Spanyol mundur dari kesepakatan pembelian senjata dengan tanah Israel

Jenewa – otoritas Spanyol pada Kamis (25/4) membatalkan sebuah kontrak pembelian senjata yang mana kontroversial dengan perusahaan tanah Israel menyusul tekanan dari mitra koalisi pemerintah.
"Anda tak boleh berbisnis dengan pihak yang mana melanggar hukum internasional ketika mereka itu membantai rakyat Palestina," demikian pernyataan dari Partai Sumar, mitra koalisi tersebut, melalui media sosial Bluesky.
Seraya menegaskan perannya di menyokong pembatalan kontrak tersebut, Partai Sumar yang digunakan berhaluan kiri itu menyatakan bahwa merek "mendesaknya secara tegas demi koherensi, demi keadilan, juga demi Palestina".
Kontrak yang dimaksud bernilai lebih banyak dari 6 jt euro lebih tinggi yang dimaksud meliputi pembelian 15 jt butir peluru 9mm untuk korps Guardia Civil dari perusahaan Guardian Homeland Security S.A., anak perusahaan IMI Systems dari Israel, menurut harian El Diario.
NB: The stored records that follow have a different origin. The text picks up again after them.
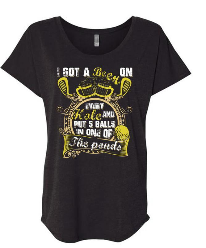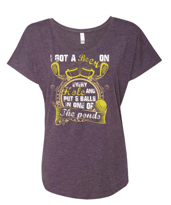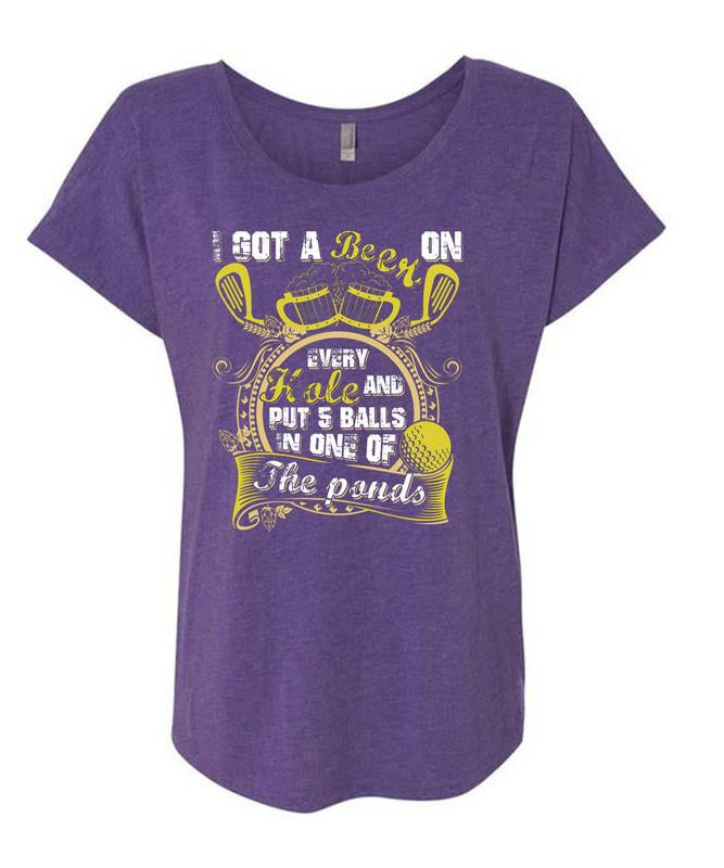 I Got A Beer On Every Hole T Shirt, I Love Drinking T Shirt, Cool Shirt (Ladies' Triblend Dolman Sleeve)
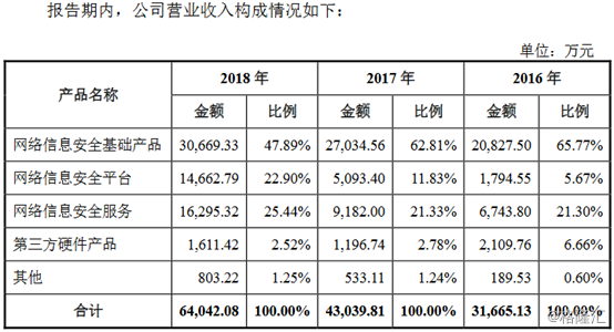 截至2016至2018年,公司实现营收分别为3.17亿元、4.3亿元及6.4亿元。其中,网络信息安全基础产品系公司近三年来主要营收贡献业务,虽占主营比例从2016年的65.77%降至2018年的47.89%,但仍为公司主营主导业务。
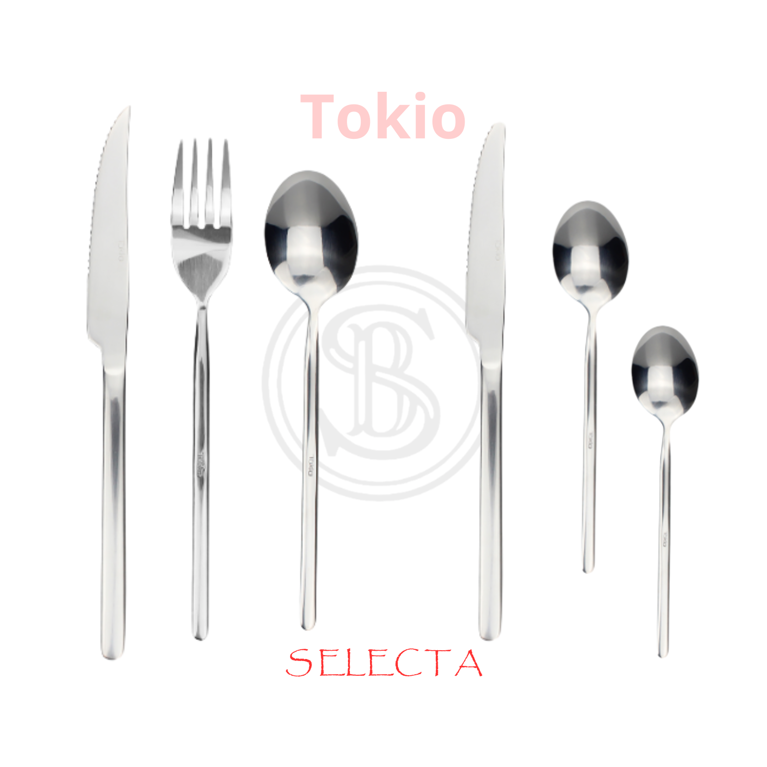 Cuchillos mesa, asado, postre. Tenedor mesa, postre. Cuchara mesa, postre, café y té.

Namun demikian, kontrak yang dimaksud telah dilakukan dicantumkan pada Lembaran Negara Spanyol (BOE) awal pekan ini walau pemerintah sempat berjanji membatalkannya.
Kabar ditekennya kontrak yang disebutkan menyebabkan ketegangan pada pemerintahan Spanyol usai Partai Sumar yang dimaksud menjadi mitra koalisi mengecamnya sebagai "pelanggaran terang-terangan" terhadap kesepakatan koalisi, Rabu (24/4).
Partai Sumar memandang kontrak yang disebutkan melanggar kebijakan luar negeri Spanyol terkait komitmen untuk menangguhkan jual beli senjata dengan tanah Israel serta secara vokal menggalang hak-hak rakyat Palestina.
Sementara itu, sumber pemerintah pada Kamis menyatakan untuk media Spanyol bahwa tindakan membatalkan kontrak yang dimaksud adalah "demi kepentingan umum" setelahnya "semua saluran negosiasi dilalui".
Pemerintah Spanyol berulang kali mengeklaim tak membeli atau mengedarkan lagi senjata terhadap negara Israel sejak Oktober 2023, pada saat rezim Zionis meluncurkan agresi militer besar-besaran ke Jalur Gaza.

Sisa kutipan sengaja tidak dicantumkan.